Task instructions. Output the entries word for word. Omit images.

╭─ Material for this task

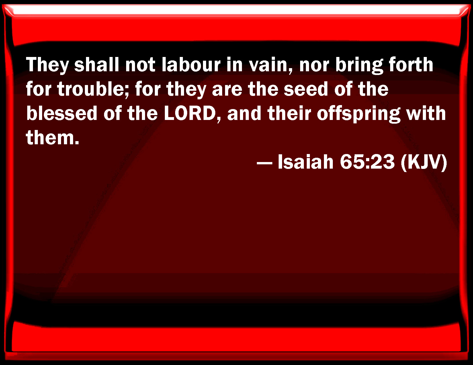 Bible Verse Slide Isaiah 65:23 They shall not labor in vain, nor bring forth for trouble; for they are the seed of the blessed of the LORD, and their offspring with them. KJV: They shall not labour in vain, nor bring forth for trouble; for they are the seed of the blessed of the LORD, and their offspring with them. DRB: My elect shall not labour in vain, nor bring forth in trouble; for they are the seed of the blessed of the Lord, and their posterity with them. DBT: They shall not labour in vain, nor bring forth for terror; for they are the seed of the blessed of Jehovah, and their offspring with them. ERV: They shall not labour in vain, nor bring forth for calamity; for they are the seed of the blessed of the LORD, and their offspring with them. WBT: They shall not labor in vain, nor bring forth for trouble; for they are the seed of the blessed of the LORD, and their offspring with them. WEB: They shall not labor in vain, nor bring forth for calamity; for they are the seed of the blessed of Yahweh, and their offspring with them. YLT: They labour not for a vain thing, Nor do they bring forth for trouble, For the seed of the blessed of Jehovah are they, And their offspring with them.Links Isaiah 65:23 NIV • Isaiah 65:23 NLT • Isaiah 65:23 ESV • Isaiah 65:23 NASB • Isaiah 65:23 KJV • Isaiah 65:23 Interlinear • Isaiah 65:23 Commentaries • Isaiah 65:23 Parallel Texts • Isaiah 65:23 Bible Apps • Isaiah 65:23 Parallel • Bible Hub |
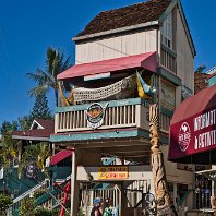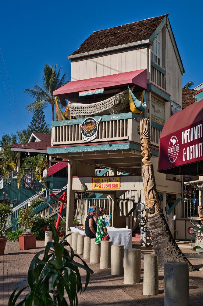 Ein nettes Städtchen im Karibiklook. Holzhäuser schön herausgeputzt, viele Touristen, viele Souvenirläden, Schmuck und Andenkenshops, dicke Amis in Shorts und Hawaiihemden ihre volle Fülle unverhüllt zeigend, relaxte Hawaiianer mit Surfbrettern, alles wuselte sich durch die Uferstraße. Vor der Stadt lag ein großes Kreuzfahrtschiff. Wir verbrachten gut 1,5 Stunden hier. Toma versuchte ein paar leichte Schuhe zu kaufen, weil ihre neuen Schlappen rieben. Erfolglos. Sie passten nicht in das Mainstream-Konsumangebot der hiesigen Läden.
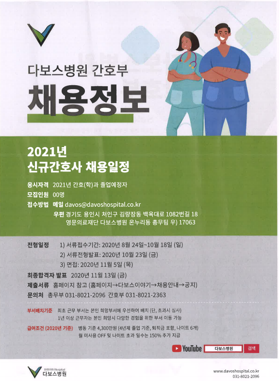 2021 다보스병원 신규간호사 채용 공고 페이지 정보 작성자 간호학과 댓글 0건 조회 1,840회 작성일 20-08-14 10:51 목록 본문 이전글2021 의료법인 동강의료재단 신규간호사 채용 공고 20.08.14 다음글2021 세명기독병원 1차 신규간호사 채용 공고 20.08.12
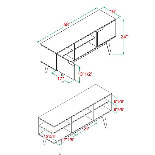 Details: Gather your family around to watch your favorite throwbacks around this Mid-century modern TV stand. Cutout handles offer easy opening of the two doors with adjustable soft-close hinges and provide a simple, modern aesthetic to your living room. Tapered angled legs enhance the entertainment console’s retro vibes. Make movie nights easier with media components on the two adjustable shelves or the center open fixed shelf. You’ll love the solid pine wood build because of its long-lasting quality.
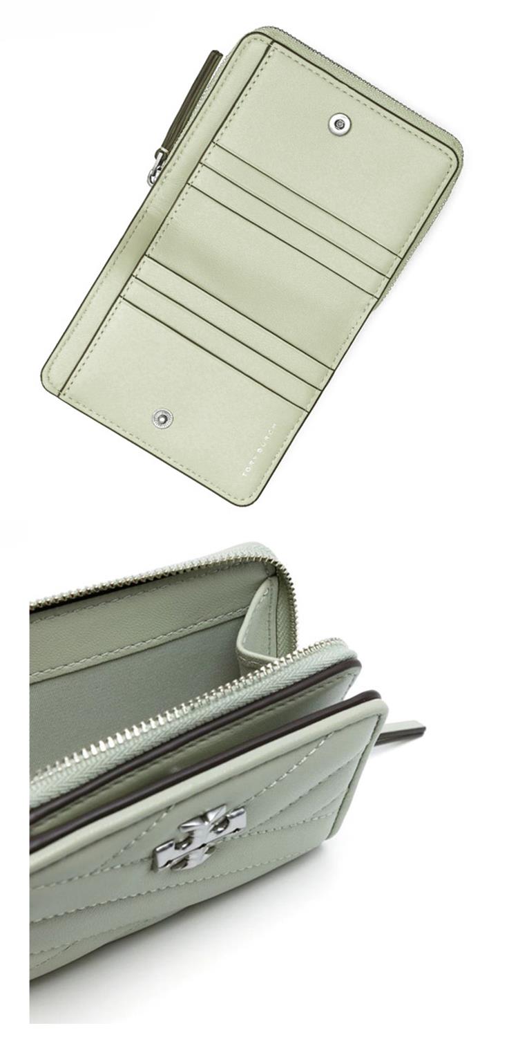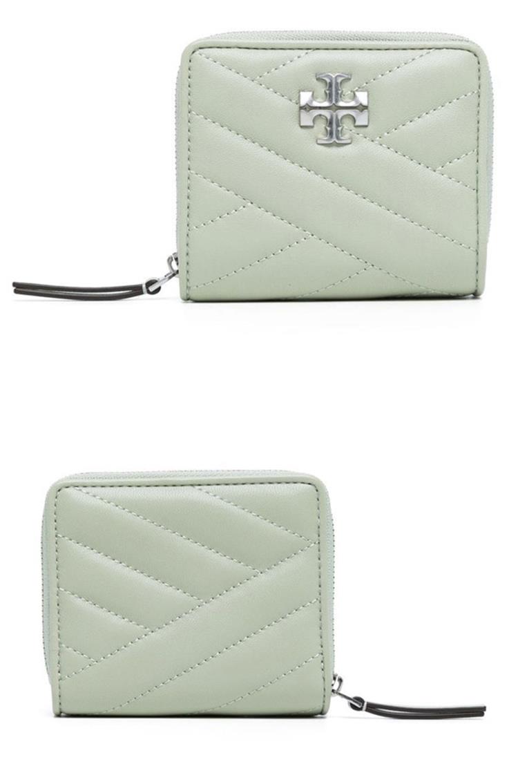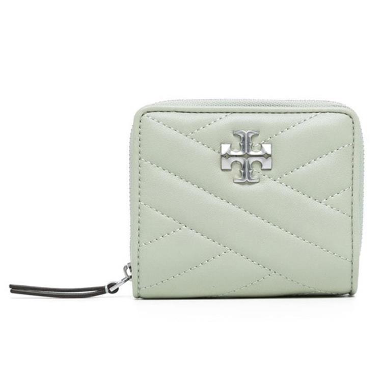 Tory burch 斜紋皮革零錢短夾-淺綠
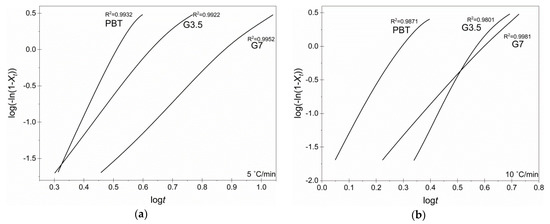 Figure 7 demonstrates the standard plots of versus for pure PBT and vitrimers G3.5 and G7, in which straight lines were obtained in every sample (R2 > 0.9960). From the slopes of these lines, the values of B and B* were calculated.

╰─

Response area.
 Bible Verse Slide Isaiah 65:23 They shall not labor in vain, nor bring forth for trouble; for they are the seed of the blessed of the LORD, and their offspring with them. KJV: They shall not labour in vain, nor bring forth for trouble; for they are the seed of the blessed of the LORD, and their offspring with them. DRB: My elect shall not labour in vain, nor bring forth in trouble; for they are the seed of the blessed of the Lord, and their posterity with them. DBT: They shall not labour in vain, nor bring forth for terror; for they are the seed of the blessed of Jehovah, and their offspring with them. ERV: They shall not labour in vain, nor bring forth for calamity; for they are the seed of the blessed of the LORD, and their offspring with them. WBT: They shall not labor in vain, nor bring forth for trouble; for they are the seed of the blessed of the LORD, and their offspring with them. WEB: They shall not labor in vain, nor bring forth for calamity; for they are the seed of the blessed of Yahweh, and their offspring with them. YLT: They labour not for a vain thing, Nor do they bring forth for trouble, For the seed of the blessed of Jehovah are they, And their offspring with them.Links Isaiah 65:23 NIV • Isaiah 65:23 NLT • Isaiah 65:23 ESV • Isaiah 65:23 NASB • Isaiah 65:23 KJV • Isaiah 65:23 Interlinear • Isaiah 65:23 Commentaries • Isaiah 65:23 Parallel Texts • Isaiah 65:23 Bible Apps • Isaiah 65:23 Parallel • Bible Hub |
 Ein nettes Städtchen im Karibiklook. Holzhäuser schön herausgeputzt, viele Touristen, viele Souvenirläden, Schmuck und Andenkenshops, dicke Amis in Shorts und Hawaiihemden ihre volle Fülle unverhüllt zeigend, relaxte Hawaiianer mit Surfbrettern, alles wuselte sich durch die Uferstraße. Vor der Stadt lag ein großes Kreuzfahrtschiff. Wir verbrachten gut 1,5 Stunden hier. Toma versuchte ein paar leichte Schuhe zu kaufen, weil ihre neuen Schlappen rieben. Erfolglos. Sie passten nicht in das Mainstream-Konsumangebot der hiesigen Läden.
 2021 다보스병원 신규간호사 채용 공고 페이지 정보 작성자 간호학과 댓글 0건 조회 1,840회 작성일 20-08-14 10:51 목록 본문 이전글2021 의료법인 동강의료재단 신규간호사 채용 공고 20.08.14 다음글2021 세명기독병원 1차 신규간호사 채용 공고 20.08.12
 Details: Gather your family around to watch your favorite throwbacks around this Mid-century modern TV stand. Cutout handles offer easy opening of the two doors with adjustable soft-close hinges and provide a simple, modern aesthetic to your living room. Tapered angled legs enhance the entertainment console’s retro vibes. Make movie nights easier with media components on the two adjustable shelves or the center open fixed shelf. You’ll love the solid pine wood build because of its long-lasting quality.
 Tory burch 斜紋皮革零錢短夾-淺綠
 Figure 7 demonstrates the standard plots of versus for pure PBT and vitrimers G3.5 and G7, in which straight lines were obtained in every sample (R2 > 0.9960). From the slopes of these lines, the values of B and B* were calculated.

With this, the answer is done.